Q5: What do you think about the 7dream concept for Seven-
Eleven Japan? From a supply chain perspective, is it likely
to be more successful in Japan or the United States? Why?

Ans:

The 7dream concept for Seven-Eleven in Japan was established as an e-commerce


company. Convenience stores served as drop-off and collection points for Japanese
customers.

I think this is likely to be more successful in Japan because the Seven-Eleven


store network is not as dense as in the U.S. Also, it appears that Seven-Eleven
Japan attracts a different type of customer. Although I can only speculate, I
would be concerned about the security of packages in a Seven-Eleven store in
the U.S. preferring a home delivery even if I wasn’t at home. After all, that’s the
appeal of e-commerce.

Q6: Seven-Eleven is attempting to duplicate the supply chain


structure that has succeeded in Japan in the United States
with the introduction of CDCs. What are the pros and cons of
this approach? Keep in mind that stores are also replenished
by wholesalers and DSD by manufactures.

Ans:

The “pros” of this approach are illustrated by the success of this concept in Japan:
highly responsive system that has increased its efficiency through the use of
information. They are able to effectively match supply and demand.

The cons of this approach in the U.S. stem from the geographic dispersion of Seven-
eleven stores.

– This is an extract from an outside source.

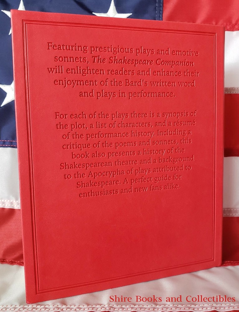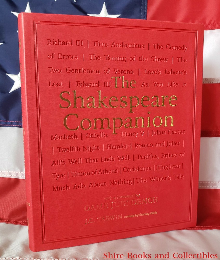 With a foreword by Dame Judi Dench J.C. Trewin revised by Stanley Wells The Shakespeare Companion Special Faux Leather Softcover Gift Edition BRAND NEW! 100% Positive Feedback Seller - Bid without worries!! Item Description This book is brand new , never read or used in any way, perfect condition. Beautiful lettering & art design on the cover and spine Faux Leather bound softcover / flexicover Featuring prestigious plays and emotive sonnets, The Shakespeare Companion will enlighten readers and enhance their enjoyment of the Bard's written word and plays in performance. For each of the plays there is a synopsis of the plot, a list of characters, and a resume of the performance history. Including a critique of the poems and sonnets, this book also presents a history of the Shakespearean theater and a background to the Apocrypha of plays attributed to Shakespeare. A perfect guide for enthusiasts and new fans alike. Shipping FREE Shipping within the continental USA will be via USPS Media Mail. Priority Mail is available for an extra $10 shipping charge. If you are from an American location that is not part of the continental USA , you will be required to pay for Priority Mail. I have set these locations as Exclusions, but I will be happy to remove the exclusions upon request and agreement to pay for the $10 for Priority Shipping. International Shipping will be via eBay Global Shipping Program. I use Media Mail to send to the Global Shipping center in Kentucky, however, if you wish for it to arrive at the center more quickly, you can add $10 to have it shipped there Priority. All of my books are shipped in sturdy, safe and secure boxes. Return Policy: Returned or exchanged items must be in original condition to qualify for a refund, and must be returned within 30 days from the purchase date. Customers are responsible for all return or exchange shipping charges. Once the returned item is received back to me and I can verify condition, I will process the Refund. Track Page Views With Auctiva's FREE Counter

The fact that stores are not as clustered as in Japan will impede the
responsiveness that is a cornerstone of Seven-Eleven Japan. Because DSD is also
used, there is more coordination required in the U.S. and more relationships to manage.
The CDCs may also be forced into holding some level of inventory because of the lack
of clustering in the U.S., resulting in lower performance than that in Japan. If the CDCs
become more of a distribution center than a cross docking operation, their strategic
advantage is lost, and the investment may not have been worth it. An additional
downside is the outbound costs, which could be quite high depending on the number of
stores served.

Q7: The United States has food service distributors that also
replenish convenience stores. What are the pros and cons
to having a distributor replenish convenience stores versus
a company like Seven-Eleven managing its own distribution
function?

Ans;

Pros: The largest benefit of having a distributor replenish the store is that they
don’t have to invest in DCs or trucks to perform this task.
Cons: The downside is the lack of control and the increased number of
relationships that must be managed at the store level. Responsiveness may also
not be as great. Some store managers will be more adept at managing these
relationships than others, and service levels will not be consistent among the
stores. This also creates more potential problems for upper management in
overseeing the franchises to ensure consistent customer service.